А накануне Николы вешнего Соломония сказала своим прислужницам, чтоб не тревожились и не искали ее в ближайшие два-три дня - ее не будет. Но чтобы и не скрывали, что ее нет, что куда-то отбыла, но не сказала куда и они понятия не имеют, куда именно, но обещалась вот-вот вернуться. Чтоб даже нарочно, как будто волнуясь, повторяли это кому только можно, но лишь с завтрашнего вечера, не раньше.
Сама же после обеденного сна, как всегда, пошла немного прогуляться по уже зеленому лугу вверх по Каменке, мимо больших обжигальных печей, устроенных в высоких над ней береговых обрывах, и дальше, дальше, к западной, самой небойкой суздальской дороге. Уже давно к ней присматривалась, не раз приходила. Тут редко кто ездил. А нынче в городе был базар, кто-нибудь обязательно должен был ехать.

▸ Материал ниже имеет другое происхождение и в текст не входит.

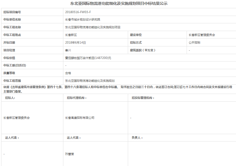 | 标 题: | 东北亚国际物流港功能细化及实施规划项目中标结果公示 | ||

Встала возле нее под старыми раскидистыми ветлами далеко от крайних домов, так, чтобы ее никто не видел. Листва на ветлах уже проклюнулась, и она с удовольствием вдыхала ее еще еле слышный запах. Ждала долго, пока наконец не показалась тощая лошаденка с припадающей на правое заднее колесо старой телегой и восседавшим в ней с ногами горбатым кудлатым мужиком в драном распахнутом полушубке и без шапки. Спросила, куда едет. Он оказался пьяным и, стеснительно прикрыв открытую голову рукой, сказал, что далеко, к Ставрову.
- Мне туда же. Возьмешь?
- Ой, матушка! коли б знал. - Он совсем засмущался, соскочил с телеги, запахнул полушубок, опять прикрыл голову рукой. - Вот шапка пропала... Мёд привозил...
- Так возьмешь?
В общем, поехала она с горбатым, подвыпившим мужиком неизвестно куда. Тот поначалу и не разглядел ее как следует, а когда увидел, до чего она непроста, величава, благородна и красива - за всю жизнь подобных наверняка не видывал! - кажется, малость даже перепугался, уже на ходу соскочил с телеги и большую часть пути шел, а временами и трусил с ней рядом, редко взглядывая на Соломонию и только отвечая на ее вопросы, сам ничего не спрашивал - и все больше и больше трезвел.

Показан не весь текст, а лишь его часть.